Creating Gym Environment
========================

In this step, we define ``gym.Env`` class that serves as interface between a Reinforcement Learning algorithm 
and the Godot application.

.. note::
    Any environment you develop should be inhereted from ``godot_gym_api.GodotEnvironment`` class.

1. In your project directory create a file ``apple_seeker_env.py``.

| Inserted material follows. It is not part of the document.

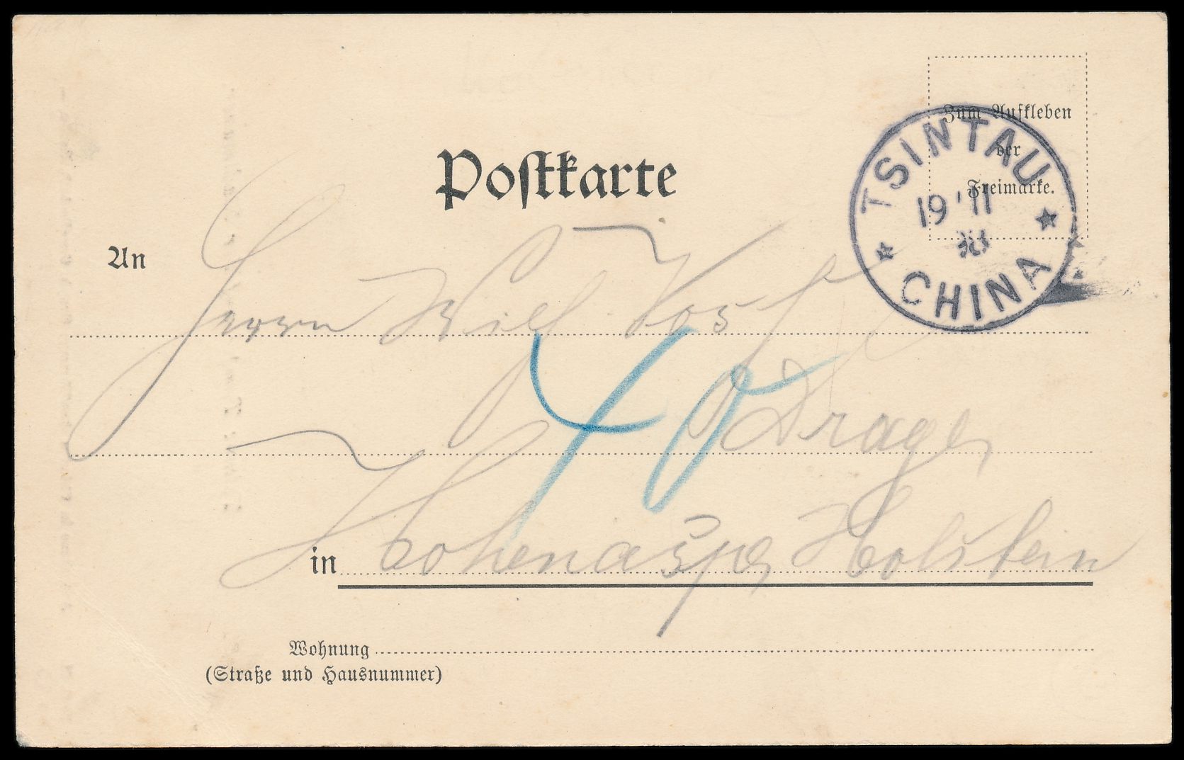 Ganzsache Dt. Post in China 10 Pf. mit rückseitigem Textzudruck "Gruss aus Tsintau" und mehrfarbiger chinesischer Tuschezeichnung: Chinesin mit Fächer und blühendem Strauch, gedruckte Verlagsangabe "Verlag von Sietas, Plambeck & Co., Tsintau", Stempel Tsingtau 22.1.00, nach Kiel, Bedarf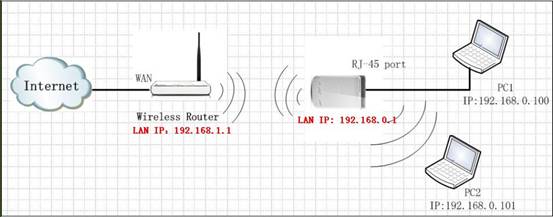 Note: The LAN IP address of the two routers should not be in the same segment. You should set like this, for example, the LAN IP of your uplink router is 192.168.1.1, while the LAN IP address of 3G150M is 192.168.0.1.

2. Import required packages as follows:

    .. code-block:: python

        from typing import Any, Dict, Tuple

        import numpy as np
        from gymnasium import spaces

        from godot_gym_api import GodotEnvironment

        # Protobuf message we have created earlier
        import message_pb2 as protobuf_message_module

3. Create a class inhereted from ``godot_gym_api.GodotEnvironment``:

    .. code-block:: python

        class AppleSeekerEnv(GodotEnvironment):
            def __init__(
                self,
                engine_address: Tuple[str, int] = ("127.0.0.1", 9090),
                engine_chunk_size: int = 65536,
                episode_length: int = 500,
            ):
                super().__init__(protobuf_message_module, engine_address, engine_chunk_size)
                self._episode_length = episode_length
                # Define observation space in accordance to the agent in Godot app.
                self._max_distance = 5
                self.observation_space = spaces.Dict(
                    spaces={
                        "distances_to_obstacle": spaces.Box(
                            low=0,
                            high=self._max_distance,
                            shape=[16,],
                            dtype=np.float32,
                        ),
                        "distances_to_target": spaces.Box(
                            low=0,
                            high=self._max_distance,
                            shape=[16,],
                            dtype=np.float32,
                        ),
                    },
                )
                # The example Godot app return all its observation for agent and world. There is no need to specife them.
                self._requested_observation = {self.AGENT_KEY: [], self.WORLD_KEY: []}
                # Define action space in accordance to the agent in Godot app.
                self.action_space = spaces.Discrete(4)
                # Set during reset
                self._step_counter = None

            def _observe(self, state: Dict[str, Dict[str, Any]]) -> Dict:
                observation = {
                    "distances_to_obstacle": np.asarray(state[self.AGENT_KEY].distances_to_obstacle),
                    "distances_to_target": np.asarray(state[self.AGENT_KEY].distances_to_target),
                }
                return observation

            def _is_terminated(self, state) -> bool:
                episode_steps_limit_reached = self._step_counter == self._episode_length
                apple_caught = state[self.WORLD_KEY].apple_caught
                return episode_steps_limit_reached or apple_caught

            def _reward_function(self, state):
                if state[self.WORLD_KEY].apple_caught:
                    return 100
                else:
                    return -min(np.asarray(state[self.AGENT_KEY].distances_to_target)) / self._max_distance

            def step(self, action: np.ndarray) -> Tuple[np.ndarray, float, bool, dict]:
                state = self._godot_step(action.item())
                self._step_counter += 1
                observation = self._observe(state)
                terminated = self._is_terminated(state)
                reward = self._reward_function(state)
                return observation, reward, terminated, False, {}

            def reset(self, *args, **kwargs) -> np.ndarray:
                self._step_counter = 0
                state = self._godot_reset()
                observation = self._observe(state)
                return observation, {}

            def seed(self, *args, **kwargs):
                pass

            def render(self):
                pass

            def close(self):
                pass